Leasing flips those tradeoffs: lower payments and easy fleet refreshes, but mileage limits and no equity. A common pattern is to buy the trucks you'll run into the ground and lease the ones you'll cycle out every few years.

Watch the real cost, not just the payment

A longer term lowers the monthly payment but raises total interest — and a truck financed over 72 months can outlast its useful service life. Match the term to how long the vehicle will actually earn for the business.

How do I qualify for fleet financing as a roofing contractor?

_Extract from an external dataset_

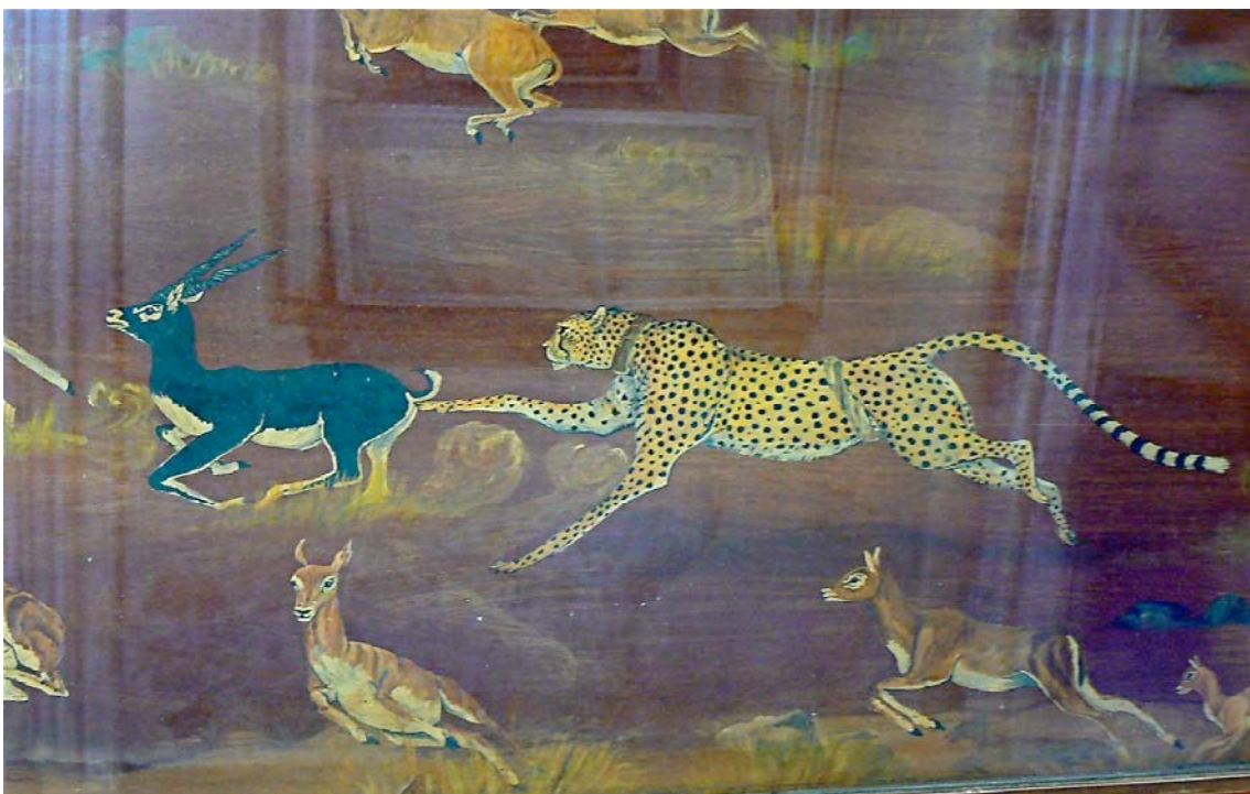
A painting of a royal hunt on the Deccan Plateau

These antelope, while among of the fastest mammals on earth, were still a favorite target of the Asian Cheetah ( Acinonyx jubatus ), a cat which used both surprise and a blinding, short-distance dash that could reach 110kph/70mph to catch them. A form of entertainment among Asian elite of the past was to hunt with cheetahs. The great

Lenders underwrite the business first and the collateral second. To strengthen your application:

  • Document revenue. Have 3-6 months of business bank statements and recent tax returns ready.
  • Show backlog. Signed contracts and a healthy pipeline prove you can cover new payments.
  • Separate business and personal credit. Financing in the company's name builds business credit for future borrowing.
  • Keep some cash reserve. Lenders like to see you aren't stretching to the last dollar.

If approvals are tight because you're early-stage, pairing a smaller fleet deal with a business line of credit or working capital facility can bridge the gap between landing a contract and getting paid for it. For larger, multi-year expansions, an SBA loan may offer longer terms and lower rates — note that the SBA sets program guidelines and individual lenders add their own overlays on credit and collateral.

When does financing a fleet make sense?

Finance the fleet when the trucks will generate more revenue than they cost to carry. If adding two crews' worth of vehicles lets you take on jobs you're currently turning down, the math usually works. If you're financing trucks to sit in the yard during a slow season, it doesn't.

The strongest position is using financing to grow into demand you can already see in your pipeline — not to speculate on demand you hope shows up.